The fiscal cliff seems to have crowded the Nuns on the Bus issue out of the paper. Frankly, I miss it; it was so much more fun. Further, the Nuns-on-the-Bus correspondence made a very important point about attitudes connected with poverty in our country. The poor and poverty are not only at the bottom of the economic heap, but they're also at the bottom of the status heap as well. They apparently arrive at this low point immediately upon becoming poor.
For example, there's the attitude that if you're on food stamps, you're a social pariah, not worth your keep, and you need to be shamed. This attitude was on obvious display in the Nuns on the Bus incident. "Social Justice," the Tea Partiers scoffed, "It's mooching. It's free-loading. It's socialism, Liberalism, " - all the things they hate. And it was too much for them that "Social Justice" was coming to Marietta in the form of Roman Catholic nuns!
They couldn't take it. You had the feeling that these Tea Partiers felt that the Vatican should have long ago added poverty and social justice to their list of mortal sins.
This seems odd to me. If you look at Christianity primarily from the point of view of the New Testament, it would seem that Jesus was definitely supportive of the poor. What did Jesus say? He said: "What you do to the least of these you do to me. The last shall be first. The meek shall inherit the earth. Give up all you have and follow me." And, of course, his greatest condemnation: "It is easier for a camel to pass through the eye of a needle than for a rich man to enter the kingdom of heaven."

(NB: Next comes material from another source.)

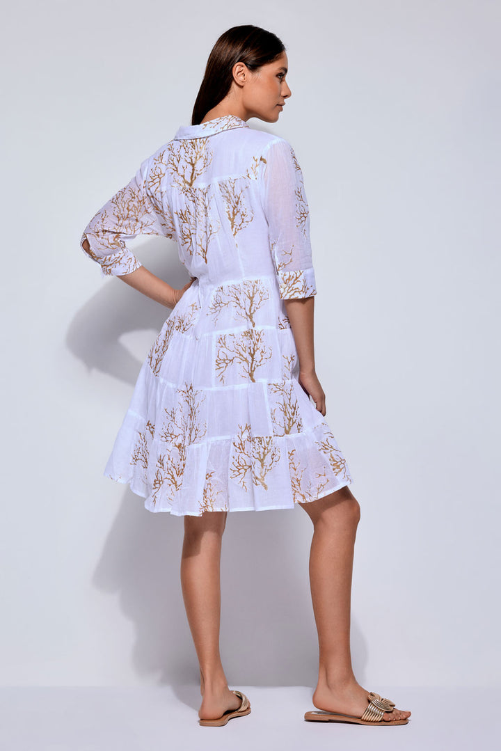 Dress in pure cotton with a fresh coral print. The shirt collar and 3/4 sleeves add a refined touch, while the ruffled hem gives a delicate movement. Perfect for a summer and sophisticated look.
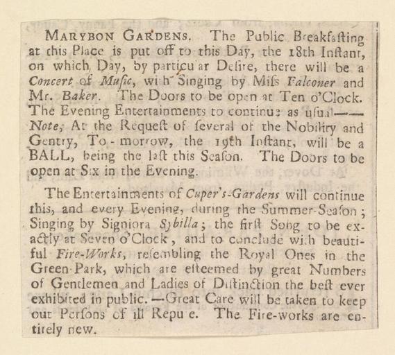 | Keywords: Bodleian Libraries, Marybon Gardens.jpg Newscutting relating to Marylebone Gardens 18th inst announcing A concert of music; Concert of music; Ball; Public breakfasting; Marybon Gardens single sheet; 37 x 83 mm exhibition history Public breakfasting at this place is put off to Tuesday next the 19th inst on which day by particular desire there will be a concert of music with singing by Miss Falconer and Mr Baker Allegro identifier 20030605/12 12 45 hm object history object type Licensed-PD-Art PD-old-100 cc-by-4 0 place of creation place of discovery http //digital bodleian ox ac uk/inquire/p//464abaac-8010-42a8-a22f-71fcf71ffdf5 Digital Bodleian Template John Johnson Marybon Gardens Uploaded with GWToolset Bodleian Libraries Marybon Gardens http //iiif bodleian ox ac uk/iiif/image/464abaac-8010-42a8-a22f-71fcf71ffdf5/full/ 1000 1000/0/default jpg Files uploaded by the Bodleian Libraries' Wikimedian In Residence Breakfasts Concerts in London Balls dance Clippings |

Obviously, Jesus did not share the smug, self-satisfied, arrogant contempt that the Tea Partiers hold for those less financially fortunate than they are.
In fact, we find, much to our relief, that neither does the Roman Catholic church. Several Roman Catholics, who wrote letters to the paper and who are more knowledgeable about the Catholic catechism than the local Tea Partiers, pointed out that the social justice advocated by the Nuns on the Bus is not, in fact, the equivalent of a social disease but is a definite and positive part of the catechism of the church.
These writers cite the association of social justice with the teachings of Pope John the 23rd and Pope John Paul the 2nd.
It seems to me that the views of the Nuns on the Bus reflect the words of Jesus and, in a reasonable world, would provide the basis for a realistic and workable definition of social justice.
Given all this, we must ask: Are the Tea Partiers in fact the modern-day equivalent of the Pharisees (apparent enemies of Jesus) that we see depicted in the Bible? Modern-day Pharisees?